Byłam już w połowie drogi do swojego dormitorium kiedy usłyszałam znajomy głos.
-Silver?- Odwróciłam się lekko ukrywając swoje zdenerwowanie.- Możemy pogadać?
-Tak panie Lupin?- Przede mną stał nie kto inny jak ten około 35 letni mężczyzna z pociągu. Dumbledore przedstawił go na uczcie stąd wiedziałam kim on jest.
-Wiem że jest już dosyć późno ale muszę zapytać o to co dokładnie się stało.- Powiedział pokazując drogę do jego gabinetu.
-Z tego co wiem w pociągu pojawił się dementor.- Odparłam spokojnie ruszając za nim.
-Jak sobie z nim poradziłaś?- Zapytał przystając na chwilę.
-Przez 2 lata chodziłam do Durmstrangu.- Wbrew jego założeniu ruszyłam dalej.- Mają trochę inne podejście do uczniów.
-Jako jedyna dziewczyna?- Nie dowierzał moim słowom.

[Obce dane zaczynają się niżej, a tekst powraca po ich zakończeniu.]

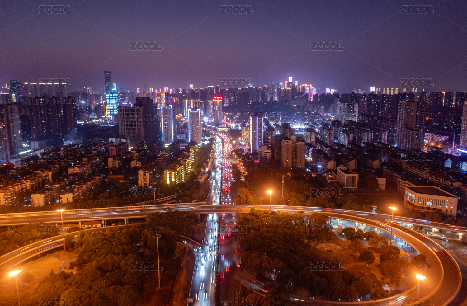 傍晚时分的城市立交桥夜景和繁忙的车流

-Cóż czasami sytuacja tego wymaga.- Rzuciłam lekko.- Niech pan mi wybaczy ale muszę iść już do wieży Raveclaw.
-Pozwól że cię odprowadzę.- Odparł po chwili.- Muszę zapytać o jeszcze jedną rzecz.

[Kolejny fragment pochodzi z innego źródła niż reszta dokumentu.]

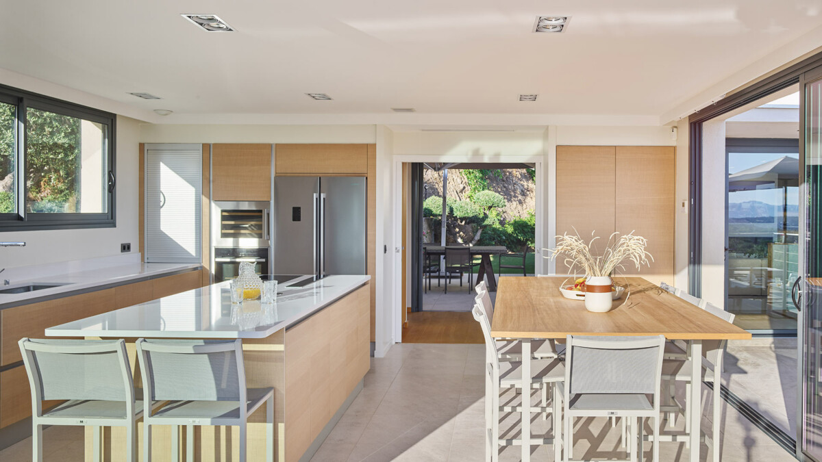 L’intérieur de la maison est conçu pour la convivialité et le bien-être, avec des espaces ouverts et lumineux. La cuisine moderne est équipée pour satisfaire vos envies culinaires, tandis que le salon offre un cadre confortable pour se détendre. La grande terrasse, quant à elle, crée un lien fluide entre l’intérieur et l’extérieur.

-Proszę.- Stwierdziłam uśmiechając się.
-Jakim cudem różdżka pana Malfoya była ci wierna?- Tym pytaniem trochę zbił mnie z tropu.- To niezwykłe żeby w tym wieku...
-Znam go od dawna.-Odrzekłam spokojnie.- Widocznie mi ufa.

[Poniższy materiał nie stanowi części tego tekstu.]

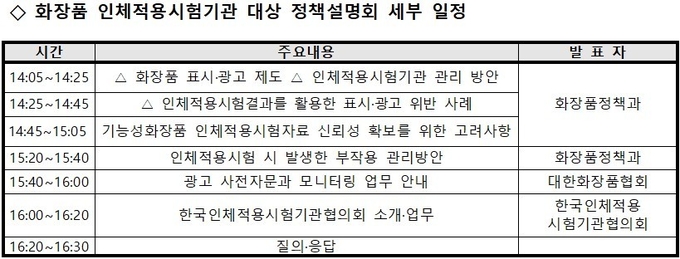 정책 설명회에서는 △ 화장품 표시·광고 제도와 표시·광고 위반 사례 △ 인체적용시험기관 관리 방안 △ 기능성화장품 인체적용시험자료 신뢰성 확보를 위한 고려사항 △ 광고 사전자문과 모니터링 업무 안내 △ 한국인체적용시험기관협의회 소개와 업무 등을 주요 콘텐츠로 구성할 예정이다.

Nauczyciel tylko mruknął coś nie zrozumiałego i już po chwili byliśmy pod drzwiami do wieży Ravenclaw.
-Po jednej stronie jeziora stoi sierotka Marysia po drugiej jej mama. Jak Marysia dostanie się do mamy?- Kołatka przemówiła prawdziwym głosem. Trochę się tego przestraszyłam.
-Tylko prawdziwy krukon może odpowiedzieć na te głupie zagadki.- Powiedział lekko zażenowany nauczyciel.- Tak dostaniesz się do środka.
-W jakim był pan domu?- Zapytałam zanim przemyślałam moją wypowiedź.
-Gryffindor.- Powiedział już pewnie.- Niestety nie pomogę ci z tą zagadką.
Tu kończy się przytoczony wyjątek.